Emotional arousal is expressed through a number of channels such as facial expressions, word usage, and prosodic features of the voice (e.g. fundamental frequency; for a more detailed description and empirical findings concerning the CPME; please see Scherer, 2004, 2005). Vocal fundamental frequency is an acoustic property of the human speech sound wave that can be assessed mechanically and, thus, analyzed and interpreted objectively. During phonation, the first phase of human speech production, air is released from the lungs. The outward flow of air passes over the vocal folds in the larynx, which can be positioned and flexed by muscles under voluntary control. The different levels of tension in the vocal folds lead to vibrations in the passing air (Juslin & Scherer, 2005). The lowest harmonic frequency of these patterns is called (vocal) fundamental frequency (or f0), measured in cycles per second (Hertz, Hz) over the time period of interest. Higher tension in the vocal folds corresponds to higher vibration rates and to higher f0 values (Weusthoff, Baucom, & Hahlweg, 2013). On the auditory level, perceived voice pitch is analogous to fundamental frequency, and higher f0 is perceived as a higher voice pitch (Frick, 1985).

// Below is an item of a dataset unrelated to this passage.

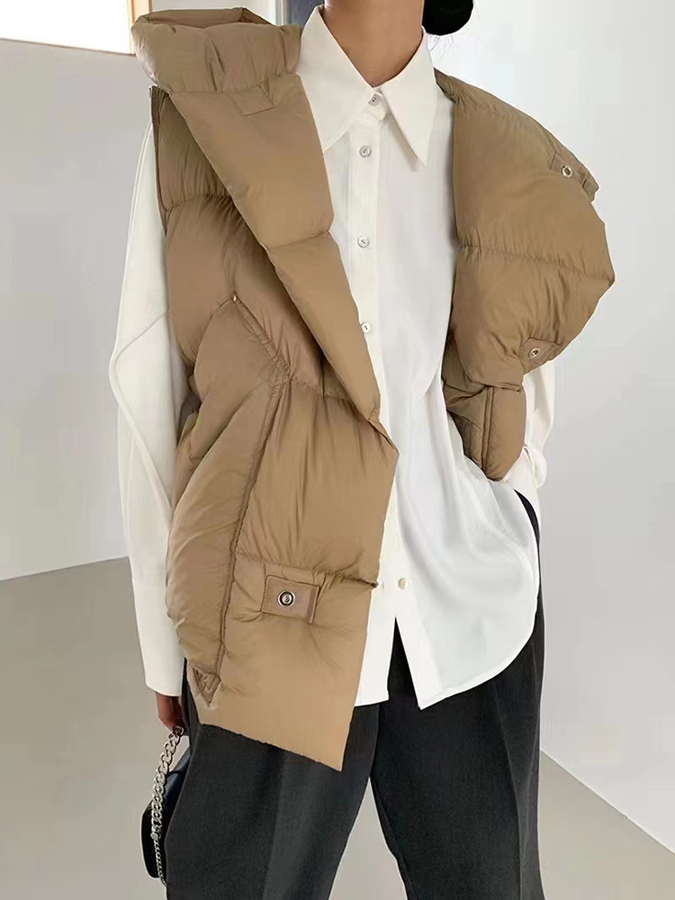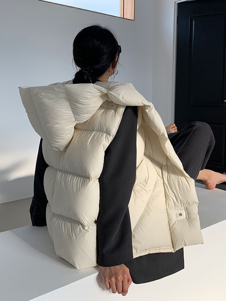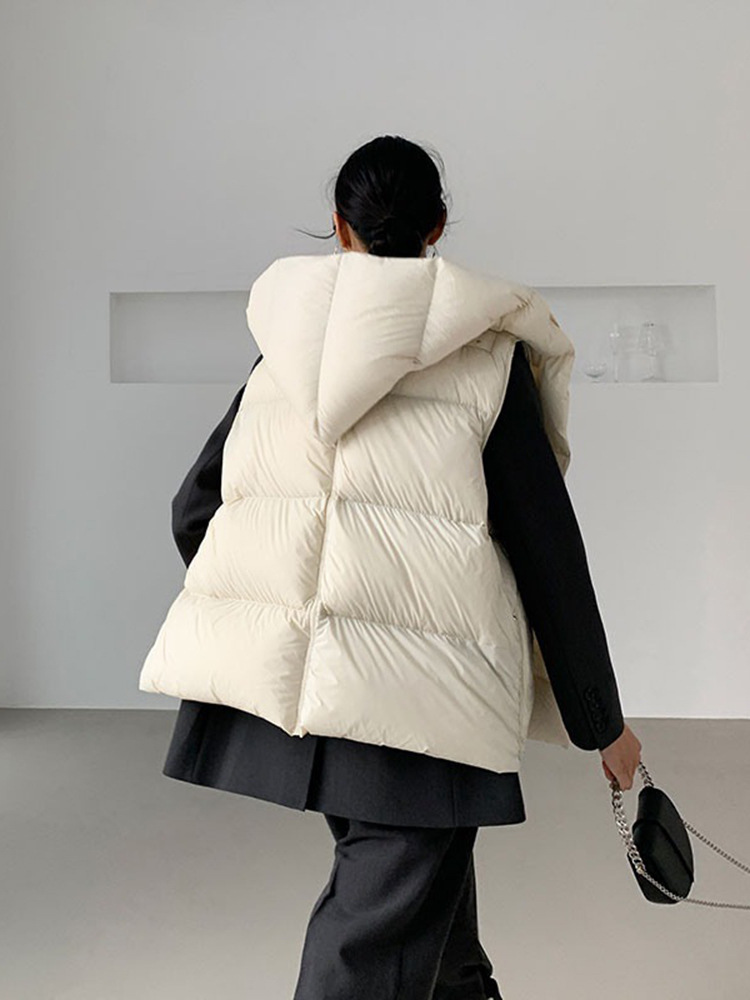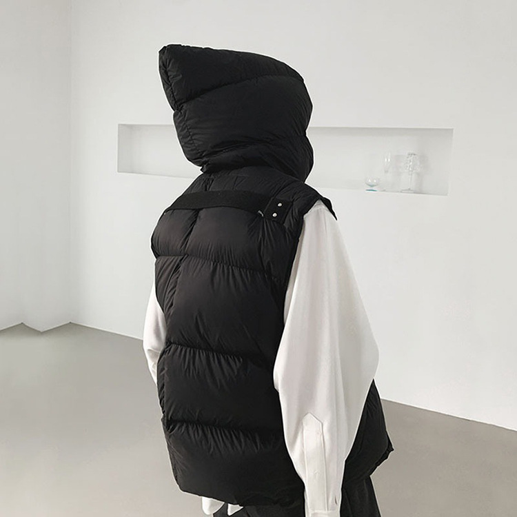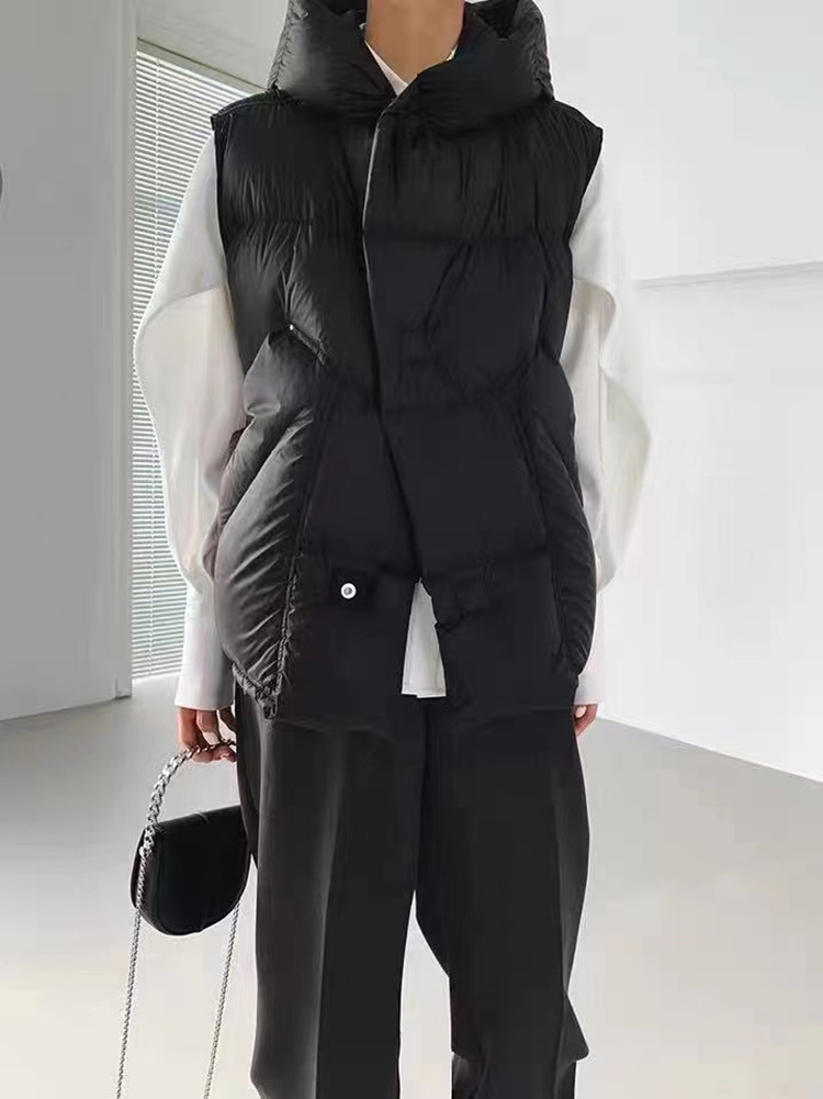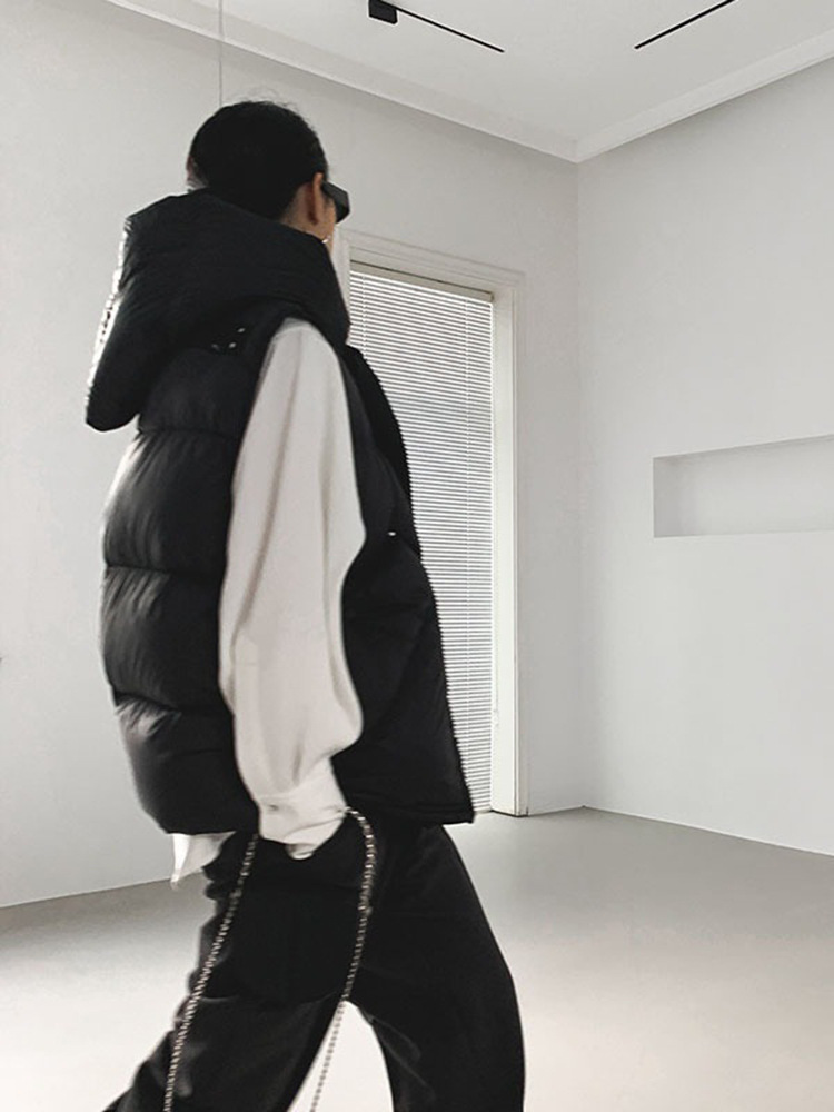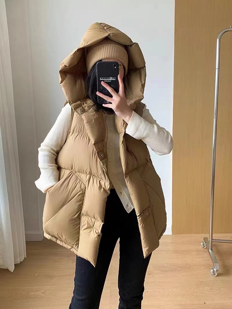2025 가을 겨울 신상 여성용 숏 다운 조끼 후드 안감 플랫허드 패딩 조끼 트렌디 비수기스토어 가기

Emotions and emotional arousal displayed in the human voice (Busso, Lee, & Narayanan, 2009) seem to be an especially flexible tool in passing on information about an individual’s result of appraisal (e.g. in the case of sensing danger in one’s environment; Juslin & Laukka, 2003). Since the human voice is one of the sounds most often experienced by human beings in life (Belin, Zatorre, & Ahad, 2002), it is very useful in studying human interactions per se, and especially important in psychological research as it provides a continuous stream of information that is interpreted and acted upon by both interaction partners.

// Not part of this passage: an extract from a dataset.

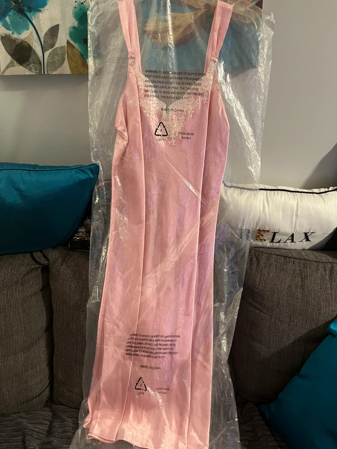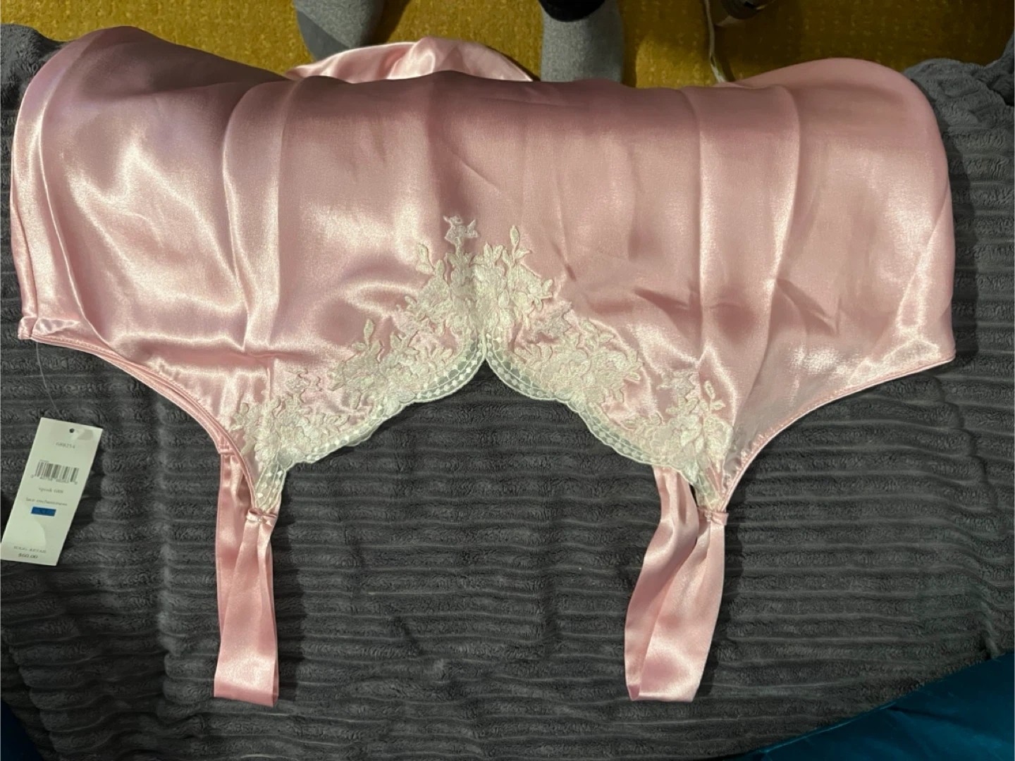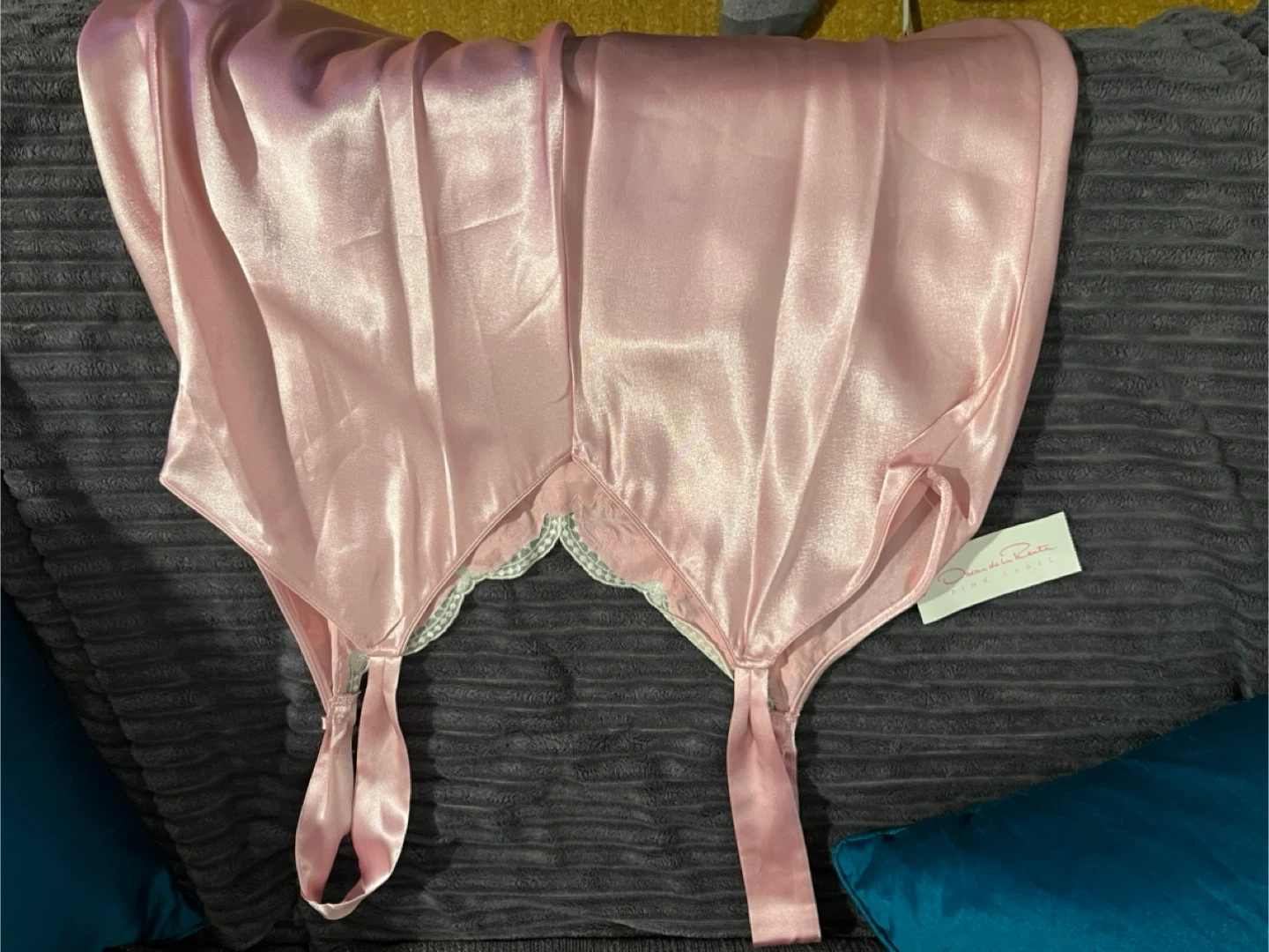Here's a brand new Oscar de la Renta nightgown in size XL! It's a beautiful pink colour with lace detailing, called Lace Enchantment. Perfect for a cozy night's sleep or a special occasion

Weusthoff, Baucom, and Hahlweg (2013) aimed to clarify what forms of information are encoded in f0 during naturalistic dyadic interactions and to investigate whether f0 provides a valid form of assessment of emotional arousal. F0 range is a specific index of f0 calculated as the difference between an individual’s maximum and minimum f0 score during a time period of interest. During couple conflict discussions, f0 range and its concurrent links to other well-established indices of emotional arousal (cardiovascular and endocrine), and other important aspects of couple functioning (self-reported and observed communication behavior) were investigated. The sample consisted of N = 67 severely distressed, heterosexual German couples participating in couple-relationship education (namely, EPL – Ein Partnerschaftliches Lernprogramm; Hahlweg, Markman, Thurmaier, Engl, & Eckert, 1998).

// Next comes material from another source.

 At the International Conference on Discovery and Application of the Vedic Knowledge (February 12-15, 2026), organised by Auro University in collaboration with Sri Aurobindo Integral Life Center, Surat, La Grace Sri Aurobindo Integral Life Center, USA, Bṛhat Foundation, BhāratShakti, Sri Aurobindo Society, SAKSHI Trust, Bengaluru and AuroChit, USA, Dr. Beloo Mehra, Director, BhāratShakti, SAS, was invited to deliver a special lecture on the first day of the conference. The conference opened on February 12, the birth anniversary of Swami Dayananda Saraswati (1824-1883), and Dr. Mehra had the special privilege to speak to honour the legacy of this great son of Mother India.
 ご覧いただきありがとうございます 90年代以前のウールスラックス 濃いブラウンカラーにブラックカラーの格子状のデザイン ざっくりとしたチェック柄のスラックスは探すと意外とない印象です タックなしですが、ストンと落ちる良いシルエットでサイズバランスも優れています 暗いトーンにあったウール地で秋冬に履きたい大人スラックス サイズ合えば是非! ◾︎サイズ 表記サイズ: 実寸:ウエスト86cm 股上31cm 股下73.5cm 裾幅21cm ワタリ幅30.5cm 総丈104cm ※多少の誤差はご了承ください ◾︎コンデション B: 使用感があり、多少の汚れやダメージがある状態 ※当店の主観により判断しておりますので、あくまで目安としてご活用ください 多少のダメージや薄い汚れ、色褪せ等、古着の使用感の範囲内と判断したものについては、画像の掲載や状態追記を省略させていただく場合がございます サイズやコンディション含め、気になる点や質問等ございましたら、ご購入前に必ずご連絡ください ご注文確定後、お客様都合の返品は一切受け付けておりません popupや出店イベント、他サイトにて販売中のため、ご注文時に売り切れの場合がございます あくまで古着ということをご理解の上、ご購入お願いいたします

As expected, positive associations emerged between f0 and physiological variables (in this study, heart rate, blood pressure, and cortisol): Higher f0 range was associated with higher levels of all physiological indicators of emotional arousal. Also, communication behavior was significantly related to f0 range. Namely, higher levels of f0 range were associated with higher levels of self-reported negative communication behavior. For observed communication behavior, higher levels of f0 range were linked to higher levels of negative communication behavior and lower levels of positive communication behavior. Additionally, simultaneous examination of physiological variables and observationally-coded communication behaviors revealed that associations between both sets of variables and f0 range were largely independent of one another. Although male and female f0 range were significantly different from each other (with females having higher f0 range values than males), no significant gender differences emerged in any of the predictors of interest associated with f0 range mentioned above.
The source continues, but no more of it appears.